Reinforcement Learning in the HighwayEnv

Links to the code: social attention | behavioral cloning & implicit Q learning | state space models.

My motivation for implementing RL algorithms in the HighwayEnv stems from an interest in scenarios where observations are provided as a set of inputs, rather than as feature vectors or images. For instance, consider an aimbot system that uses bounding boxes from a YOLO object detection model, then the observations are given as a set, which is permutation-invariant. This setup requires the use of permutation-invariant architectures, such as Deep Sets or Social Attention. I implemented both, and as anticipated, the attention mechanism performed better.

However, I faced challenges with my implementations of DQN, SAC, and model-based planning (based on state space models with a pre-trained self-attention encoder), which did not yield the desired results. Consequently, I shifted my focus to behavioral cloning and Implicit Q learning (IQL reduces to BC in certain cases). Interestingly, I found that the model was able to mimic my behavior (yes, I spent hours to intereact with the environment to collect human behavior data). For example, I noticed my preference for staying in the rightmost lane when possible and accelerating until blocked by other vehicles. You can observe this in the GIF below:
Highway Environment GIF

After a while, I discovered that the previous approaches likely failed due to poor reward signals for discrete actions, which were consistently close to 1, except in cases of vehicle crashes (which is rare). Additionally, the discrete nature of the actions resulted in an imbalanced behavioral dataset, as the ego vehicle was IDLE most of the time. To mitigate the latter, I applied the technique of Focal Loss. However, for the former issue, collecting manual driving data for continuous actions would be quite challenging, so I did not continue on that direction.

I also used the same implementation of IQL, combined with reward shaping, to explore the potential for learning-based navigation using an OpenCV-based simulator (for the RoboMaster University League robotics competition) wrapped as a Gym environment. The observation is based on the localization result from a particle filter (also implemented by the team I lead). While the code isn’t publicly available, you can view how it performs below:
IQL GIF

The shaded robot represents the state estimation from a particle filter.
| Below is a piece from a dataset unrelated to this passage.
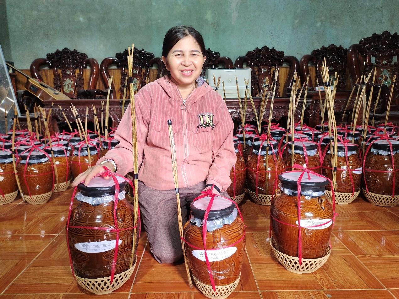 Là một trong những người có công “giữ lửa” cho rượu cần truyền thống, chị Đinh Thị Co, ở thôn 1, xã An Hưng đang cùng các thành viên trong gia đình chuẩn bị gần 300 ché rượu cần để kịp cung cấp trong dịp tết Nguyên đán này.
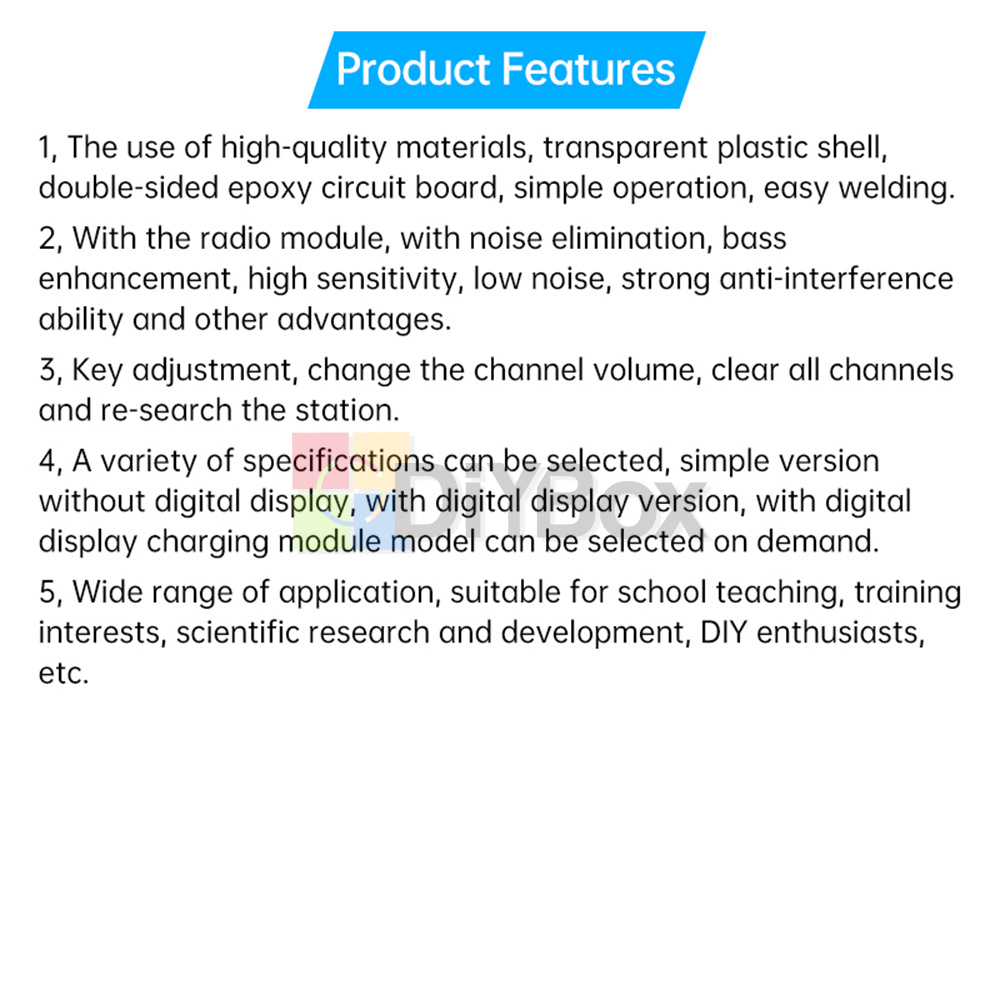Features1、Using high-quality materials, transparent plastic shell, double-sided epoxy circuit board, simple operation, easy welding.

The shaping function defined by \(F(s, a, s’) = \gamma * \phi(s’) - \phi(s)\) is based on the potential function \[\phi(s) = -(\alpha * \text{dist}(s, g) + \beta * \text{repulsion}(s))\] where the coefficients $\alpha, \beta > 0$ are hyperparameters, \(\text{dist}(s, g)\) is the distance from the current state \(s\) to the goal, and \(\text{repulsion}(s)\) is the value of the repulsion at \(s\). Specifically, I defined \(\text{repulsion}(s)=c^{-d/l}\) where \(c, l > 0\) are hyperparameters and \(d\) is the minimum distance from \(s\) to all the barriers in the environment.